§ WORK REQUEST
Exactly the lines from the one containing "Не забуваймо, що" through the one containing "Geometric Print Button" in the listing below are to be copied, with the pictures left out.
START DATA PROVIDED
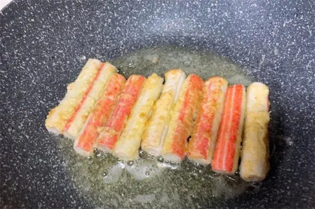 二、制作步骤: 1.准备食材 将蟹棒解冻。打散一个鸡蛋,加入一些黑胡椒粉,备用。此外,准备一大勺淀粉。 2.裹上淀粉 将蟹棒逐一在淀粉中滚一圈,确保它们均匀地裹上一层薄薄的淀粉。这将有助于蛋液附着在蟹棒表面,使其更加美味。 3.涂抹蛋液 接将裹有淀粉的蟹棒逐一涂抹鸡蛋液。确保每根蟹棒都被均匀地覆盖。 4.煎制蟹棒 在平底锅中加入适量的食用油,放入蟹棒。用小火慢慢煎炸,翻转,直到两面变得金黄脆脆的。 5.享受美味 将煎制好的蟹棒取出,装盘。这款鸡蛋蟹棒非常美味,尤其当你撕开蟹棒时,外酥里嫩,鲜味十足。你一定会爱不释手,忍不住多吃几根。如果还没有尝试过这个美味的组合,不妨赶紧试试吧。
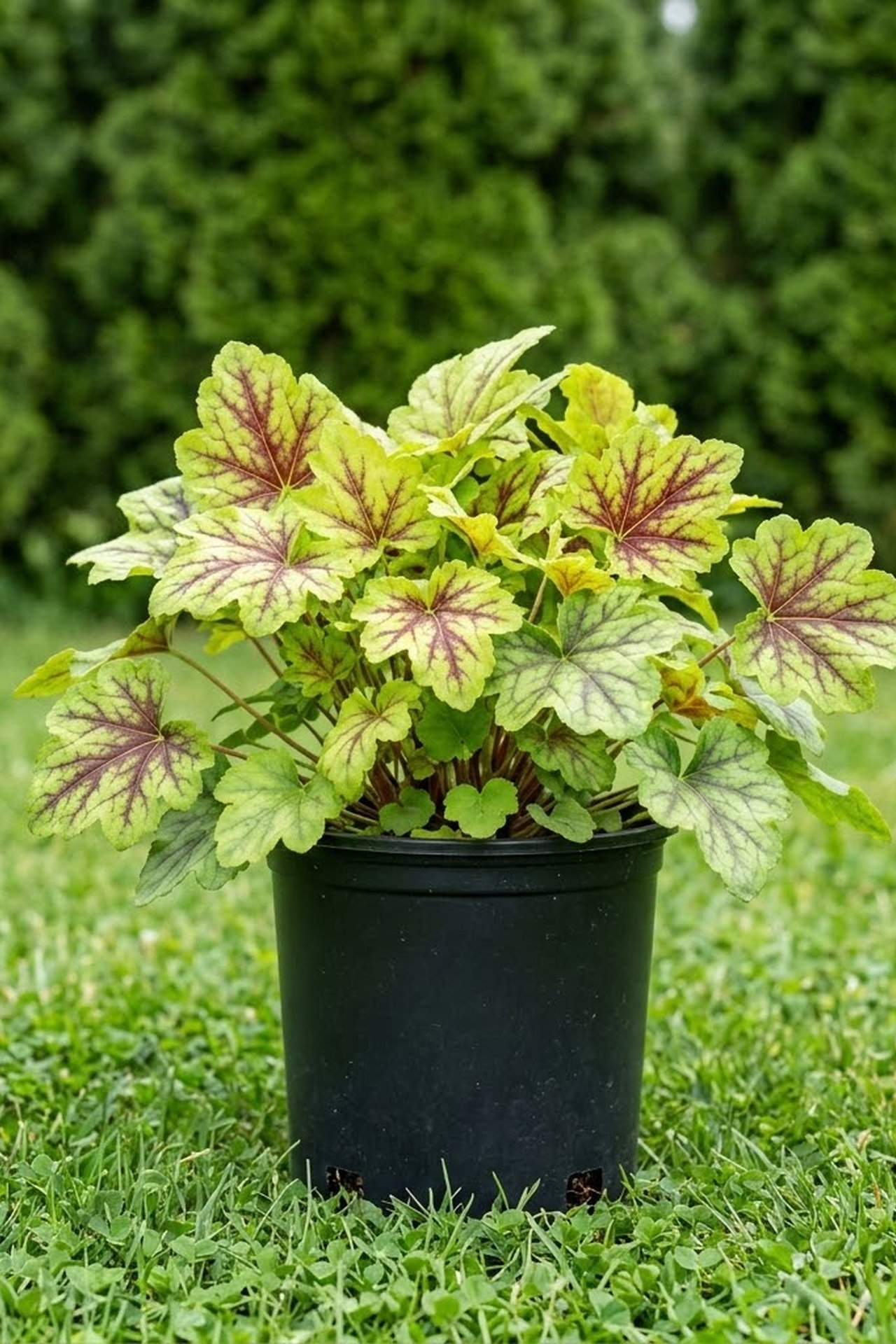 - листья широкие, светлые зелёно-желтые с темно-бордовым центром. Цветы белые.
END DATA PROVIDED
START DATA PROVIDED
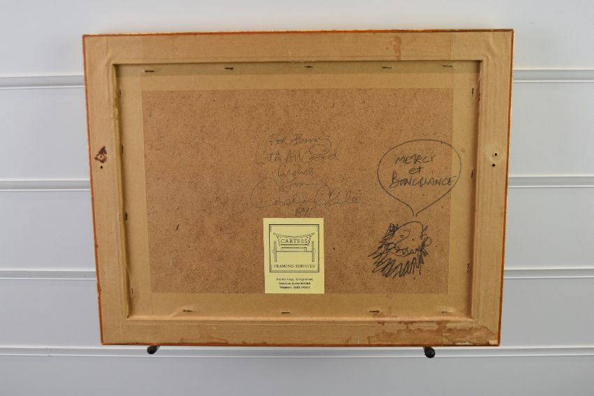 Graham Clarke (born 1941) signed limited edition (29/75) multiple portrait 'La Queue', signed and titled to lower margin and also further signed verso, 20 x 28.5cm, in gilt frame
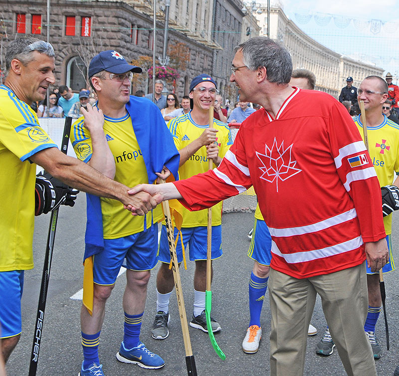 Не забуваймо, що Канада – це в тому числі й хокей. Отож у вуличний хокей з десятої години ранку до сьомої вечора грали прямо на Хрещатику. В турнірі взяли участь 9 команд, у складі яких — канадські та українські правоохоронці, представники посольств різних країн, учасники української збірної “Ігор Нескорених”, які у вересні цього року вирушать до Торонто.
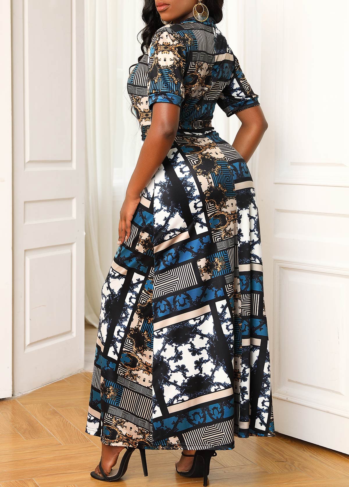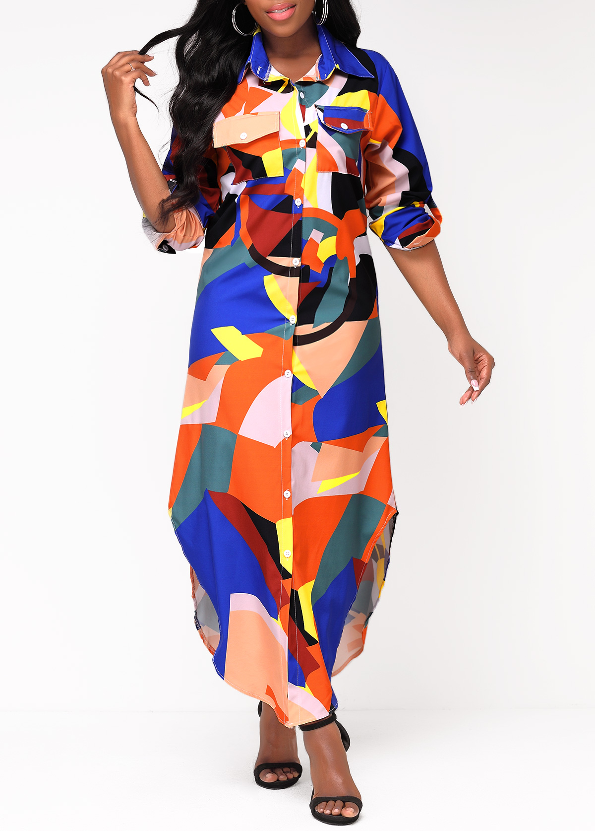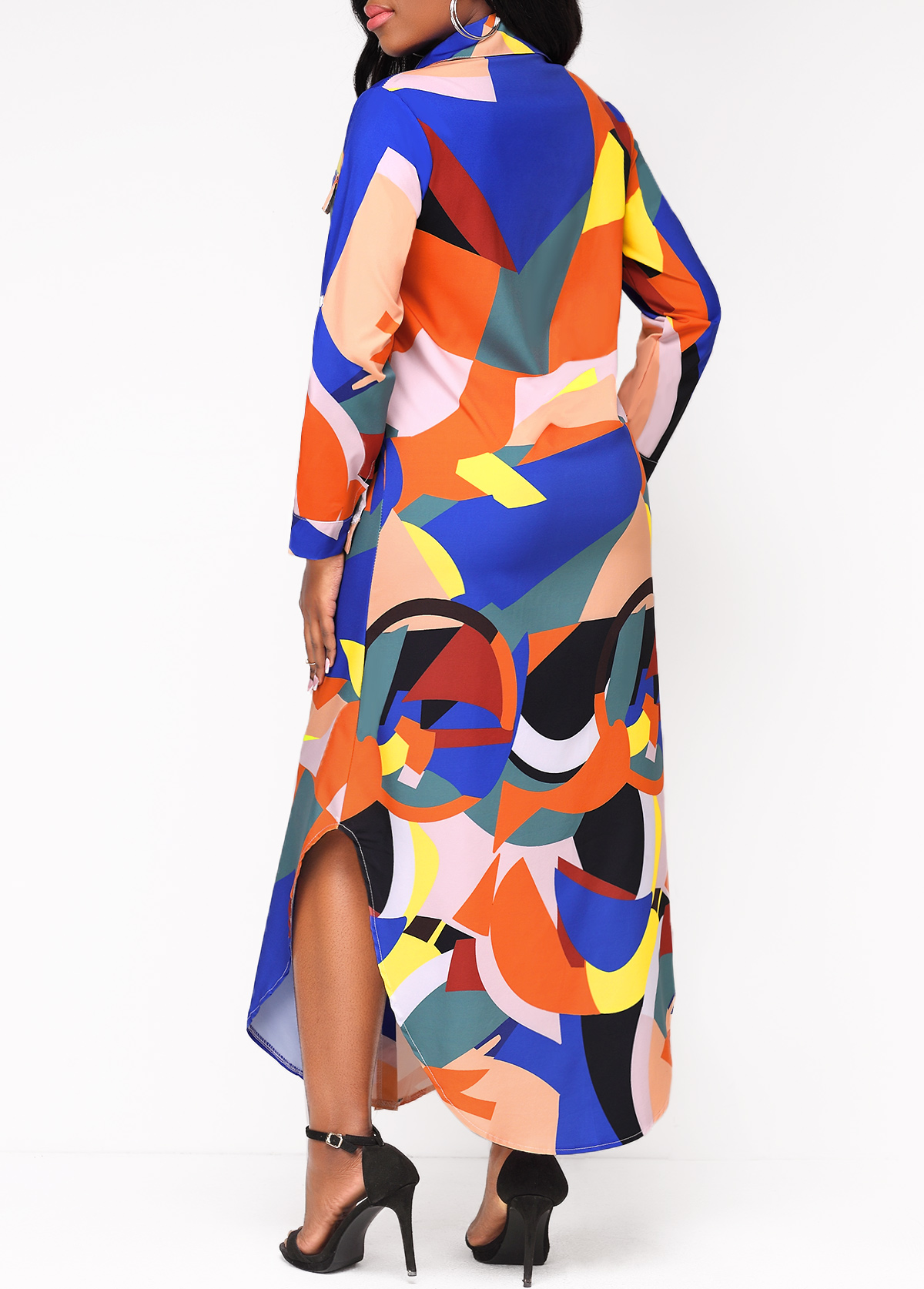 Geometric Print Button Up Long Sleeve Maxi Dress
END DATA PROVIDED
§ ANSWER TO THIS EXERCISE
 Не забуваймо, що Канада – це в тому числі й хокей. Отож у вуличний хокей з десятої години ранку до сьомої вечора грали прямо на Хрещатику. В турнірі взяли участь 9 команд, у складі яких — канадські та українські правоохоронці, представники посольств різних країн, учасники української збірної “Ігор Нескорених”, які у вересні цього року вирушать до Торонто.
 Geometric Print Button Up Long Sleeve Maxi Dress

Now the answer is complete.